▶ Task
Write out the records again exactly and exclude the pictures.

▶ Source information

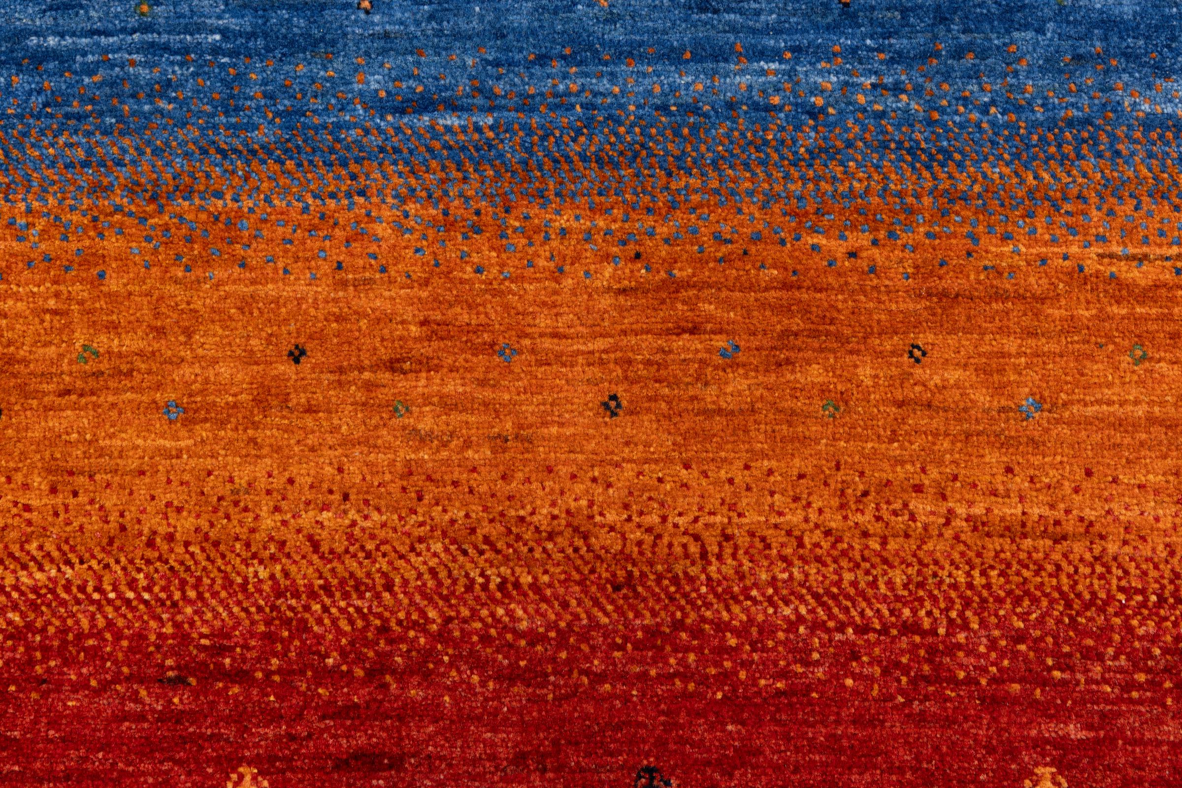 Ez a gyönyörű szőnyeg perzsa Gabbeh és az egyik legmagasabb minőségű Gabbeh szőnyeg. A szőnyegeket nomádok vagy félig nomádok csomózják Iránban, hagyományos kézműves termékek felhasználásával. Az egyszerű motívumok és minták leginkább a nomád közvetlen környezetében merülnek fel. Például tevék, fák vagy bokrok találhatók a hagyományos szőnyegeken. A perzsa Gabbeh szőnyegeket helyi juhállomány gyapjújából készítik. Ezért a gyapjút főleg kézzel fonják. Ezek a keleti szőnyegek az évszázados kultúra egyedülálló karakterét testesítik meg.
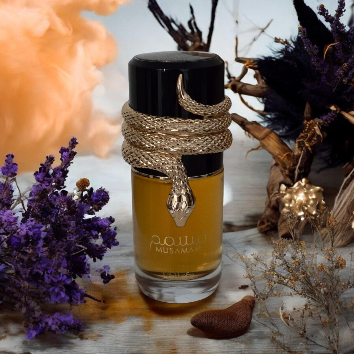 Musamam podle Lattafa Perfumes je Woody Aromatic vůně pro ženy a muže. Musamam byl/a uveden/a v roce 2022. Vrchní tóny jsou Šafrán, Levandule a Italská mandarinka; střední tóny jsouJantarové dřevo, Virginský cedr a Pelargónie ; základní tóny jsou Dřevo akigala, Kadidlo a Labdanum.
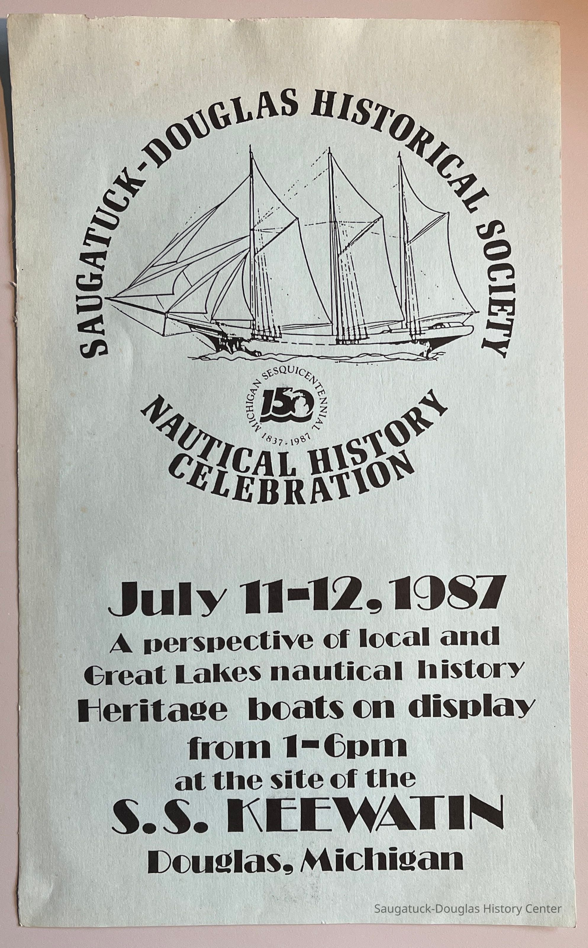 Saugatuck Douglas Historical Society poster of the Nautical History Celebration July 11-12 , 1987. Poster is photocopied on pale blue card stock.Collection
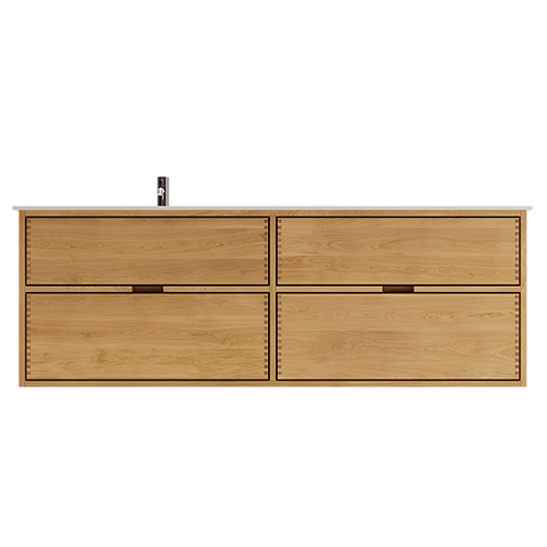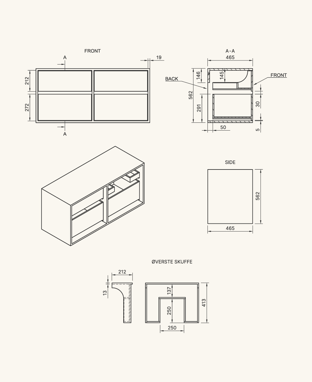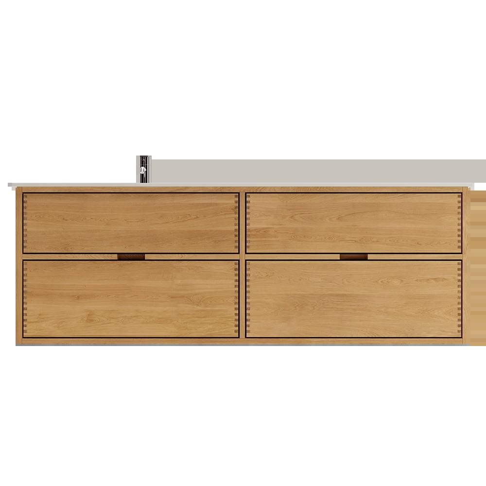 Et unikt snedkerprodukt lavet af de bedste materialer. Massive, olierede og fingertappede træskuffer i egetræ. Alle skuffer med fuldudtræk og softluk. Kraftig 8 mm. tyk bund og ekstra dybe skuffer der udnytter pladsen i skabet optimalt. Alt er lavet, så det passer perfekt sammen.
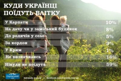 За даними дослідження, проведеного Київський міжнародний інститут соціології, не планують відпочивати влітку 59% опитаних громадян. 10% опитаних планують їхати до Карпат, 8% збираються провести літню відпустку на дачах чи у заміських будинках, 5% влітку будуть у родичів у селі, за кордон збираються 3% опитаних, до Криму поїде 1% респондентів. Ще 14% поки не визначились з місцем відпочинку, пише СТИК з посиланням на інформаційний портал «Гуцульський край».
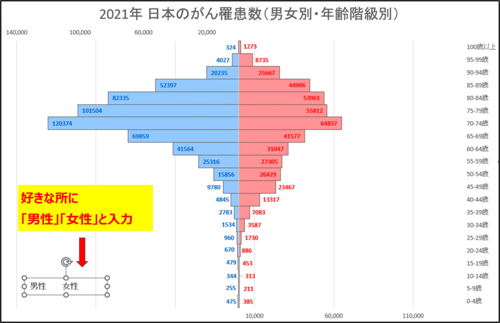 テキストボックスは、お好きなところに配置してください。ここでは、左下に「男性」・「女性」と入力しました。
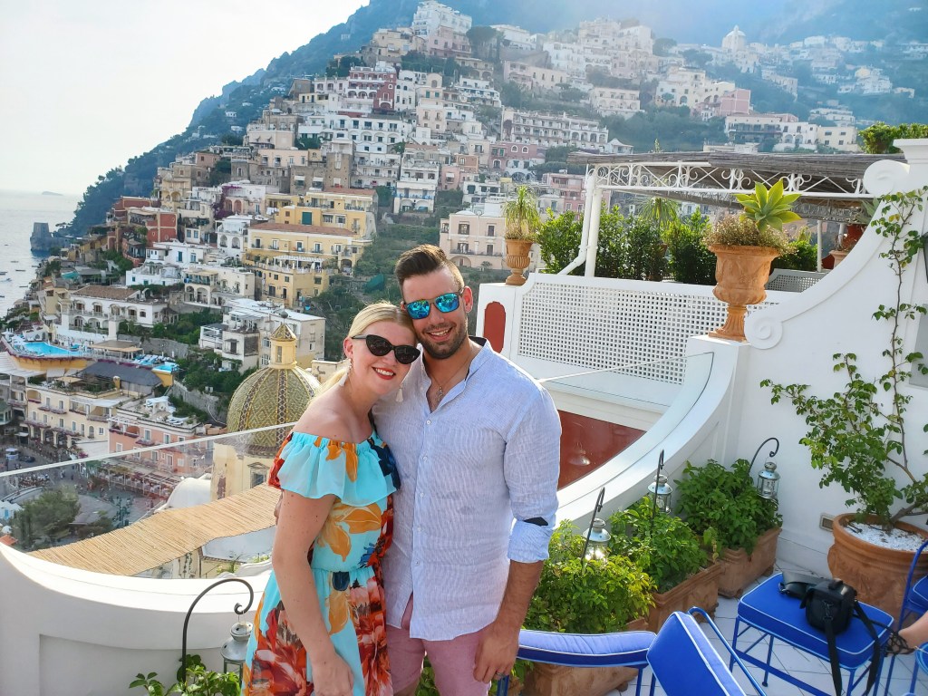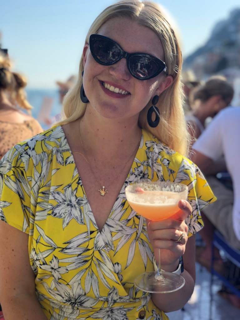 When we arrived back into town, we stopped in for a drink at Franco’s Bar. If you did any other kind of research before your trip, this bar probably came up. Essentially, it’s a small but gorgeous patio that overlooks the water and the rest of Positano. To get a “front row” seat, you have to get there when they open. Well, actually before they open, as we would later learn.
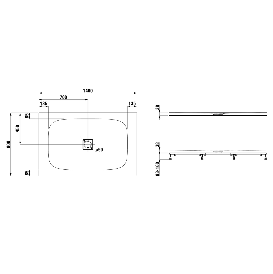 Душевой поддон из искусственного камня Laufen Solutions 2.1544.5.000.000.1 140х90 белый без ножек
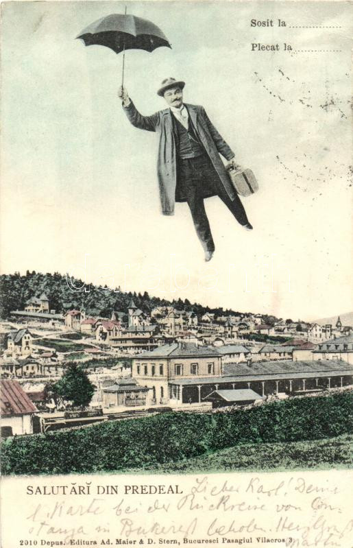 Predeal, repülő férfi / flying man (EB) https://www.darabanth.com/de/253-Fernauktion/253.0/Topographische-Postkarten-und-Lose/Siebenburgen~6/Predeal-repulo-ferfi-flying-man-EB~II1229124
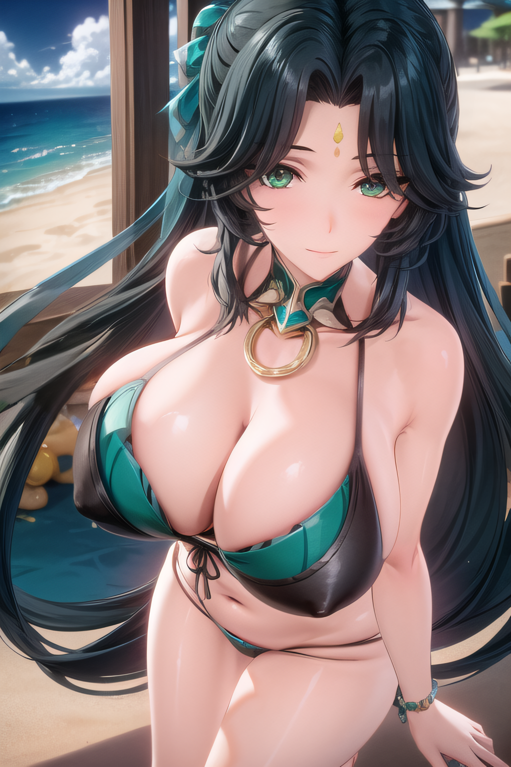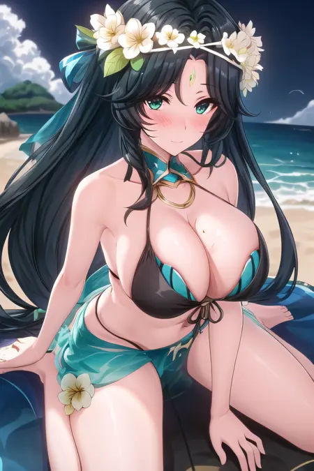 人物服装还原的关键词大致为:linghan3, head wreath, sarong, parted bangs, black bikini, front-tie top, armlet, low-tied long hair, forehead mark。
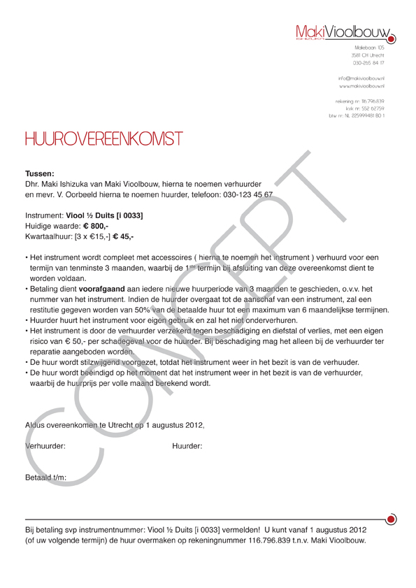 Bij het afhalen van het instrument wordt een huurovereenkomst gesloten en wordt het eerste kwartaal
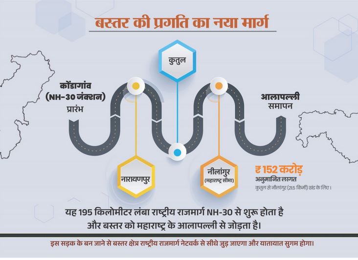 यह उल्लेखनीय है कि कुतुल, नारायणपुर जिले के अबूझमाड़ क्षेत्र में स्थित है और कुतुल से महाराष्ट्र सीमा पर स्थित नीलांगुर की दूरी 21.5 किलोमीटर है। यह नेशनल हाईवे 130-डी का हिस्सा है। इस सड़क का निर्माण टू-लेन पेव्ड शोल्डर सहित किया जाएगा।

▶ Completed task
 Ez a gyönyörű szőnyeg perzsa Gabbeh és az egyik legmagasabb minőségű Gabbeh szőnyeg. A szőnyegeket nomádok vagy félig nomádok csomózják Iránban, hagyományos kézműves termékek felhasználásával. Az egyszerű motívumok és minták leginkább a nomád közvetlen környezetében merülnek fel. Például tevék, fák vagy bokrok találhatók a hagyományos szőnyegeken. A perzsa Gabbeh szőnyegeket helyi juhállomány gyapjújából készítik. Ezért a gyapjút főleg kézzel fonják. Ezek a keleti szőnyegek az évszázados kultúra egyedülálló karakterét testesítik meg.
 Musamam podle Lattafa Perfumes je Woody Aromatic vůně pro ženy a muže. Musamam byl/a uveden/a v roce 2022. Vrchní tóny jsou Šafrán, Levandule a Italská mandarinka; střední tóny jsouJantarové dřevo, Virginský cedr a Pelargónie ; základní tóny jsou Dřevo akigala, Kadidlo a Labdanum.
 Saugatuck Douglas Historical Society poster of the Nautical History Celebration July 11-12 , 1987. Poster is photocopied on pale blue card stock.Collection
 Et unikt snedkerprodukt lavet af de bedste materialer. Massive, olierede og fingertappede træskuffer i egetræ. Alle skuffer med fuldudtræk og softluk. Kraftig 8 mm. tyk bund og ekstra dybe skuffer der udnytter pladsen i skabet optimalt. Alt er lavet, så det passer perfekt sammen.
 За даними дослідження, проведеного Київський міжнародний інститут соціології, не планують відпочивати влітку 59% опитаних громадян. 10% опитаних планують їхати до Карпат, 8% збираються провести літню відпустку на дачах чи у заміських будинках, 5% влітку будуть у родичів у селі, за кордон збираються 3% опитаних, до Криму поїде 1% респондентів. Ще 14% поки не визначились з місцем відпочинку, пише СТИК з посиланням на інформаційний портал «Гуцульський край».
 テキストボックスは、お好きなところに配置してください。ここでは、左下に「男性」・「女性」と入力しました。
 When we arrived back into town, we stopped in for a drink at Franco’s Bar. If you did any other kind of research before your trip, this bar probably came up. Essentially, it’s a small but gorgeous patio that overlooks the water and the rest of Positano. To get a “front row” seat, you have to get there when they open. Well, actually before they open, as we would later learn.
 Душевой поддон из искусственного камня Laufen Solutions 2.1544.5.000.000.1 140х90 белый без ножек
 Predeal, repülő férfi / flying man (EB) https://www.darabanth.com/de/253-Fernauktion/253.0/Topographische-Postkarten-und-Lose/Siebenburgen~6/Predeal-repulo-ferfi-flying-man-EB~II1229124
 人物服装还原的关键词大致为:linghan3, head wreath, sarong, parted bangs, black bikini, front-tie top, armlet, low-tied long hair, forehead mark。
 Bij het afhalen van het instrument wordt een huurovereenkomst gesloten en wordt het eerste kwartaal
 यह उल्लेखनीय है कि कुतुल, नारायणपुर जिले के अबूझमाड़ क्षेत्र में स्थित है और कुतुल से महाराष्ट्र सीमा पर स्थित नीलांगुर की दूरी 21.5 किलोमीटर है। यह नेशनल हाईवे 130-डी का हिस्सा है। इस सड़क का निर्माण टू-लेन पेव्ड शोल्डर सहित किया जाएगा।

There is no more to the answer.